And it becomes, I think, obvious when you look at the context that that’s what Paul is talking about. If you want to cherry-pick that one verse and develop a doctrine around it, I guess you can do that, but you have to ignore all the surrounding verses because when you go down to chapter two verse 14, what does he say there? Do all things without grumbling or disputing. What is he talking about? He’s talking about the life of the believer. So it’s quite obvious that he’s dealing here with the middle tense of salvation. Now, when you go over to Philippians four, two and three. He says I urge Euodia and Syntyche to live in harmony in the Lord indeed true companion. I ask you to help these women who have shared my struggle in the cause of the Gospel, together with Clement and also the rest of my fellow workers whose names are in the Book of Life. So he’s dealing with a faction in the church that’s fighting. And if they’re clearly believers because their names are in the book of life. So the dominant thrust of Paul in this particular letter is the middle tense of salvation. And so what he’s saying is work out the middle tense of year salvation with fear and trembling. He’s not holding anybody’s salvation hostage. He’s not telling you you’re going to lose salvation. You never had salvation. The Calvinist and Arminian systems hijacked this verse for their own purposes, but that’s not what the verse is talking about.

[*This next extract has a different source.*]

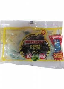 ВИНИЩУВАЧ МИШЕЙ ТА ЩУРІВ 100 г препарату містить діючу речовину (г): бродіфакум 0,005; Фармакологічні властивості Бродіфакум – отрута антикоагулянтної дії, яка при потраплянні в організм гризунів порушує утворення вітаміну К1, в присутності якого виробляються білки протромбінового комплексу. Через добу після вживання летальної дози бродіфакуму рівень згортання крові у гризунів різко сповільнюється і підвищення проникливості судин тварини викликає загибель організму від кровотечі. Загибель гризунів наступає через (3-7) діб. Застосування Препарат застосовують для знищення мишей та щурів на фермах, у тваринницьких приміщеннях (свинарниках, корівниках, телятниках, пташниках, кошарах, конюшнях) за умови недопущення доступу тварин до розкладених приманок. У свинарниках - при утриманні свиней в закритих станках; у корівниках - при утриманні корів на прив’язі; у телятниках - при утриманні молодняку у клітках або на прив’язі; у пташниках - при утриманні птиці у клітках; у кошарах - при утриманні овець у клітках; у конюшнях - при утриманні коней у денниках. Препарат використовують у приміщеннях організацій і установ сільськогосподарського призначення, а також складах, бойнях, молокопунктах. Гризуни поїдають приманку і гинуть протягом (3-7) діб, не викликаючи підозри у інших особин. Дозування Фільтр-пакетики з препаратом (не розкриваючи) розкладають за допомогою пінцету, гумових рукавичок або пластикової ложки (щоб уникнути доторкання до фільтр-пакетиків руками, тому, що запах людини відлякує гризунів) в укриттях, у спеціальних або пристосованих для цього шматках картону, поліетилену з розрахунку по 1 пакетику для кожної миші, (2-3) пакетики для кожного щура в місцях появи гризунів, поблизу нір, на шляху їх пересування, вздовж стін. Розкладають фільтр-пакетики з препаратом через (2-10) м в залежності від виду та чисельності гризунів. При великій чисельності гризунів необхідно своєчасно додавати препарат, не допускаючи його повного поїдання. Припиняють розкладати фільтр-пакетики з препаратом, тоді, коли вони залишаються на місці розкладання не пошкодженими, тобто гризуни їх не поїдали. Загибель гризунів починається через (3-4) доби. Кінцевий ефект вираховують через 3-4 тижні. Протипоказання Забороняється використання препарату в місцях зберігання кормів для тварин та продуктів харчування. Протипоказано застосовувати в приміщеннях та на територіях, де може бути вільний доступ тварин чи птиці до препарату. Застереження При проведенні планової дератизації на території ферми не допускати присутності домашніх тварин, сторонніх осіб, особливо дітей. Розкладати препарат мають право фахівці ветеринарної медицини або інші особи, які пройшли інструктаж по роботі з даним отрутохімікатом під наглядом фахівця ветеринарної медицини. Всі роботи з препаратом проводити у спецодязі, розкладати пакетики із засобом за допомогою гумових рукавичок, пінцетів, пластикових ложок. У випадку забруднення шкіри препаратом, старанно промити це місце водою з милом. Під час роботи з препаратом не їсти, не пити, не палити, при потраплянні препарату в шлунок слід звернутися до лікаря. Залишки не з’їденого препарату, тару, трупи гризунів спалюють. Аналог: Крисина смерть. Винищувач на відміну від Крисиної смерті має два запахи які приманюють гризунів - жарену олію та ар

Paul’s not dealing with that issue. He’s dealing with the growth of the Christian. And it’s very comforting to connect verse 12 with verse 13. Isn’t it fair to do that since verse 13 comes after verse 12? Anybody disagree with me on that? I didn’t think so. Verse 13 for it is God. See that? Who is at work in you both to will and to work his good pleasure. So as we walk out the middle tense of our salvation and grow, he’s not saying do this under willpower and white knuckle it and put your flesh through a bunch of self-discipline, not that self discipline is wrong, but puts your flesh through a bunch of religious rigors. Because a lot of people think, gosh, I’ve got to get out there and my own energy do all this. And it’s that’s not what the passage is saying. It does say work out your salvation with fear and trembling. In other words, volition only acquiesce by way of a crisis, of the will to the resources of God, obey God. But He never says, Do that under your own power. Volition is required, but He never says Do that under your own power, because he says in verse 13, for it is God who is at work in you both to will and to work his good pleasure.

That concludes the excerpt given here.